Боец в эти сети не попал.

К концу июня стало ясно, что следствие топчется на месте. Работа продолжалась, но жизнь подкидывала новые дела, которые тоже требовали времени и сил. Пресса вспоминала о «гремовской бойне» все реже, а если вопросы о деле иногда и задавались на брифингах, руководители и ГУВД, и прокуратуры убедительно отвечали: «Имеются серьезные сдвиги. В интересах следствия мы не можем сейчас раскрывать оперативную информацию, но можно уверенно говорить о скором завершении дела».

А врать— то нехорошо!

Экипировка и содержимое сумки убитого в поселке Гремово сотрудника ГРУ Александра Карловича Берга наводило на определенные размышления.
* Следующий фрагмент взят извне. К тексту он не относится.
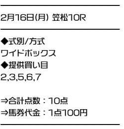 2月16日(月)笠松10R キャプチャ 11,200円 112%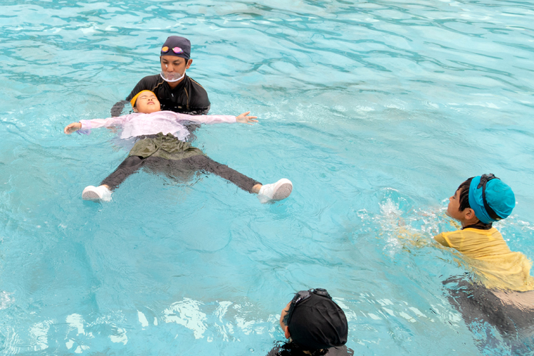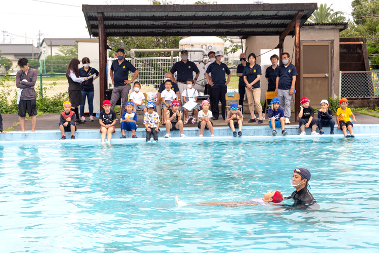 この日の教室では、比較的容易に長い時間水に浮いている子もいたが、それは学校のプールでのこと。実際に水に落ちてしまった子が、冷静に水に浮く体勢になって助けを待っていられるかといえば、そう簡単ではないだろう。それが出来るようになるには、何度も練習を重ねる必要がある。
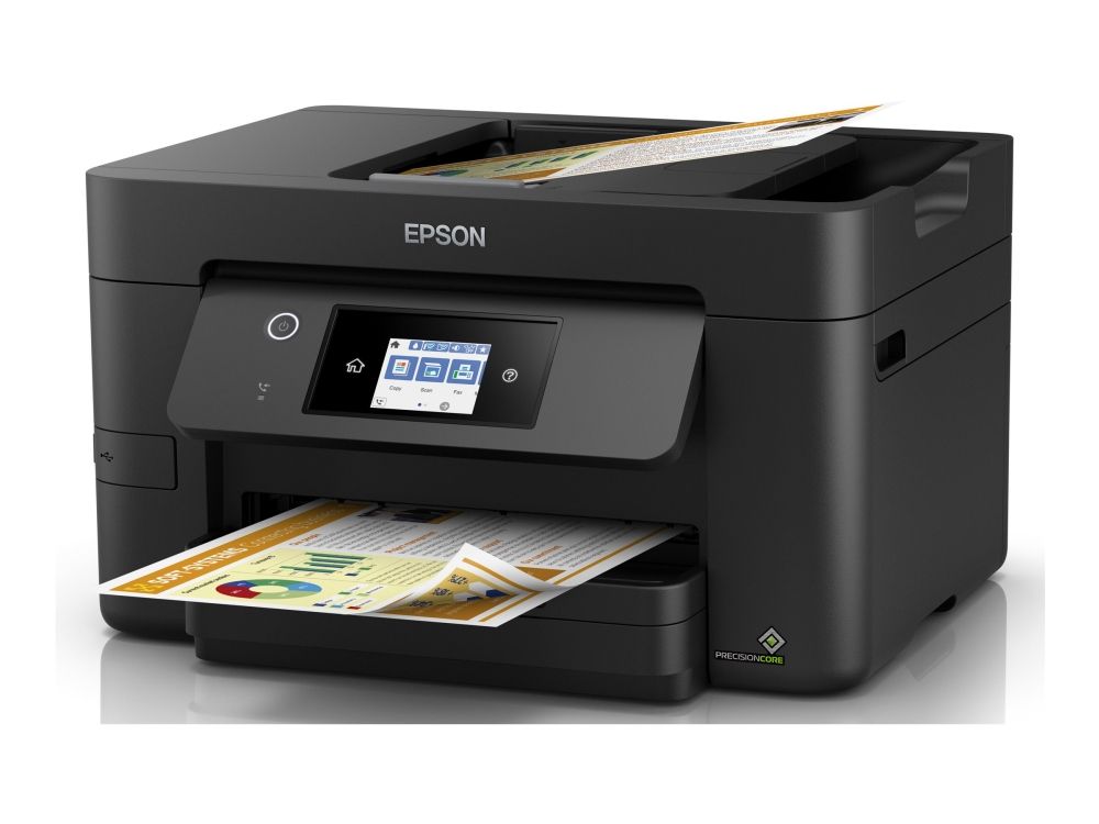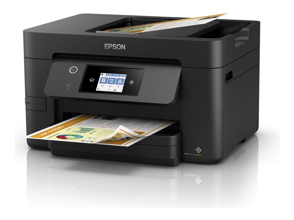 Tenk stort med denne høykvalitets flerfunksjonsskriveren med én- og tosidig utskrift, skanning og faks opptil A4. Du får jobben unna med utskriftshastigheter på opptil 21 sider/min i svart-hvitt og en 35-arks automatisk dokumentmater (ADF) for A4. I tillegg får du kostnadsbesparende blekk og fleksible løsninger for trådløs tilkobling som Scan-to-cloud.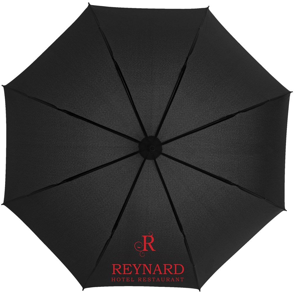 Automatische 23" stormparaplu met gekleurde glasvezel schacht en glasvezel baleinen. Kleur matching stiksels op de paraplu sluit band. Winddicht systeem. Geleverd met een hoes. Exclusief ontwerp.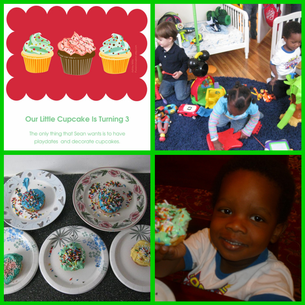 2. He has a mind of his own. Unless his personality goes through a drastic change, I don’t think that we will have to worry about Sean blindly following the crowd. He knows what he wants and what he doesn’t want and is very clear and quick to say “No” when someone is pressuring him to do something that he does not want him to do. Although that can sometimes be frustrating for me as a parent (i.e. as I anticipate potty training wars!), for the most part I love it. For instance, when we were trying to plan his birthday celebration, he was very clear about what he did and did not want. He did not want a big party. He wanted three gifts; a playdate with his little friends and he wanted to decorate cupcakes with them. He also wanted to have a little family dinner with his grandparents. That’s it. So that is exactly what he received. (You know what? It was one of the easiest, fun birthday celebrations ever.)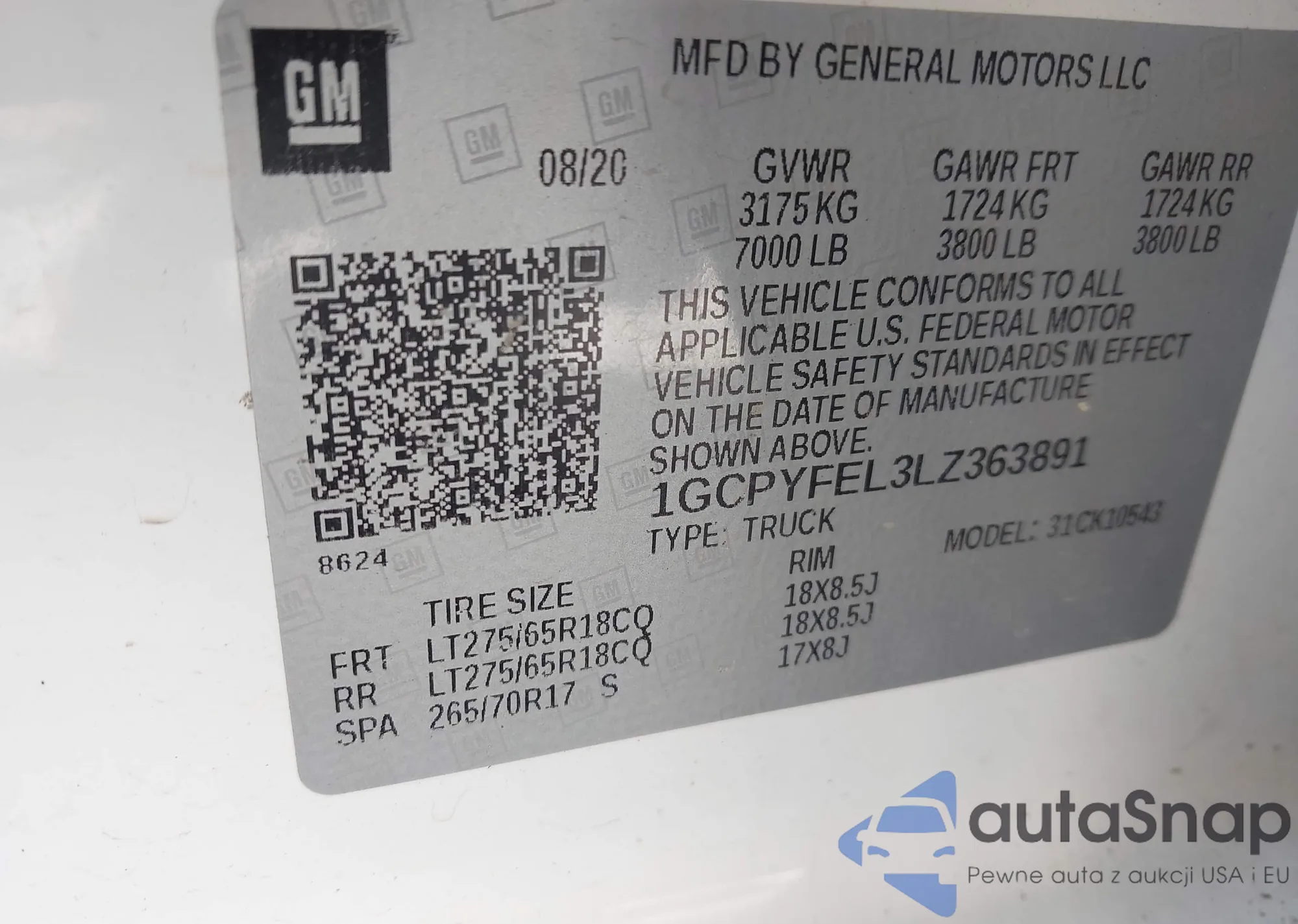 LOT: 42834310 VIN: 1GCPYFEL3LZ363891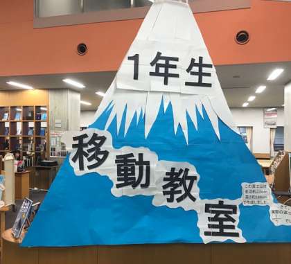 一般の学校の図書館に当たる情報学習室では、司書さんが授業だけでなく行事の事前学習でもお手伝いしていただいています。写真は一年生な河口湖移動教室関連の掲示物です。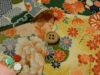 アンティーク調の正統派古典柄が魅力。 一越ちりめん・青海波に御所車(黒/赤) 10cm単位 切り売り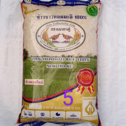 ข้าวหอมมะลิใหม่100% ตรานกทาคู่ 5กก. จากโรงสีพงษ์เจริญ จ.ยโสธร หอมกรุ่น นุ่มกินตามบ้าน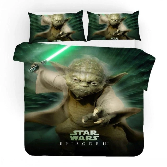 Retrouve sur cette Couette Star Wars ton chevalier jedi préféré, le jedi qui dirigait le haut conseil jedi avant l’avènement de l’empire galactique, évidemment je fais allusion à Yoda.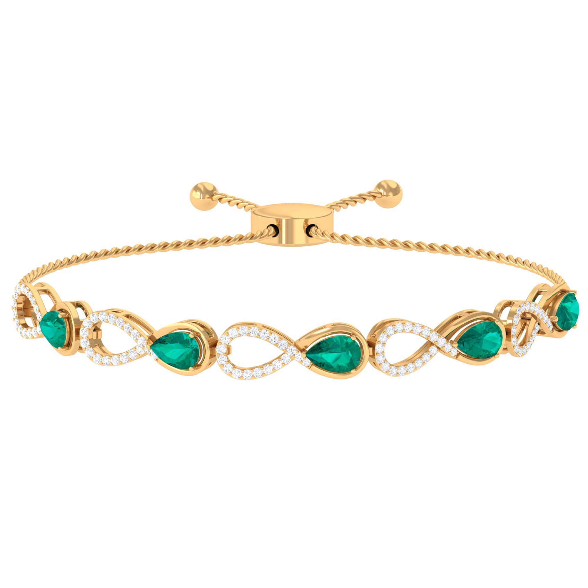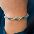 Elevate your everyday look with our Infinity Bracelet, a stunning combination of elegance and sophistication. The Infinity design is adorned with pear shaped Emerald complemented by Round Moissanite making this Chain Bracelet a captivating choice for her. This Emerald bracelet is a versatile piece that is easy to wear, lightweight, and elevates every look instantly. Whether worn solo or stacked with some other jewelry, this Bolo bracelet will be great addition to your impressive collection.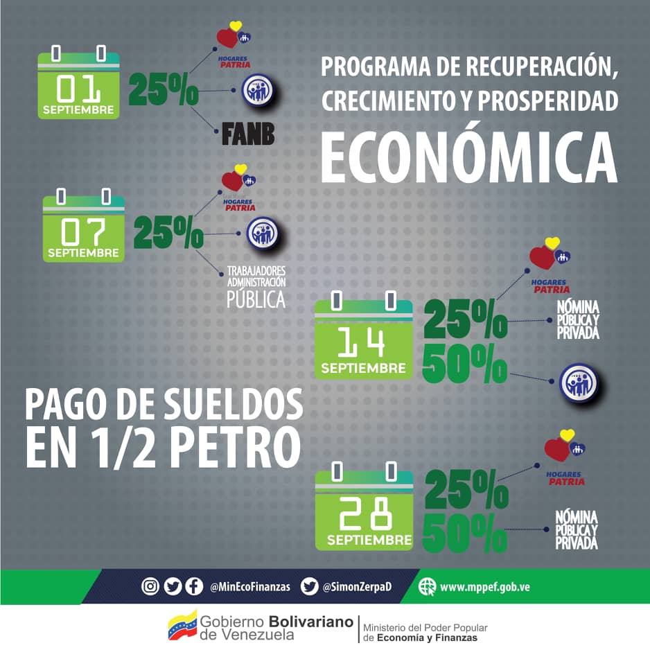 #Enterate │Conoce el cronograma especial de pago establecido por el mes de septiembre para las pensiones, Hogares de la Patria y la nómina pública y privada en el marco del Plan de Recuperación, Crecimiento y Prosperidad Económica

Помимо разобранной винтовки со снайперской системой ночного видения в сумке лежали микрофон направленного действия, инфракрасный бинокль, маска. Все, кроме бинокля, иностранного производства. В двадцати метрах от машины нашли выброшенный в канаву радиовзрыватель израильского производства. Ползунок переведен в положение «Р». Два пистолета, один, опять же, импортный. Два удостоверения… бронежилет… С таким снаряжением на пикник не ездят.

Следствием по делу об убийстве сотрудника ГРУ занималось ФСБ. Официально «дело Берга» никак не связывали с «делом Хайрамова». Это для обывателей. Версия о причастности Берга напрашивалась сама собой. Она прямо-таки лежала на поверхности. Руоповский капитан засек «шестерку» грушника на Комсомольской за пять минут до взрыва. В машине были двое. Лиц в темноте, конечно, не рассмотреть. Ехали медленно, можно предположить — проводили разведку.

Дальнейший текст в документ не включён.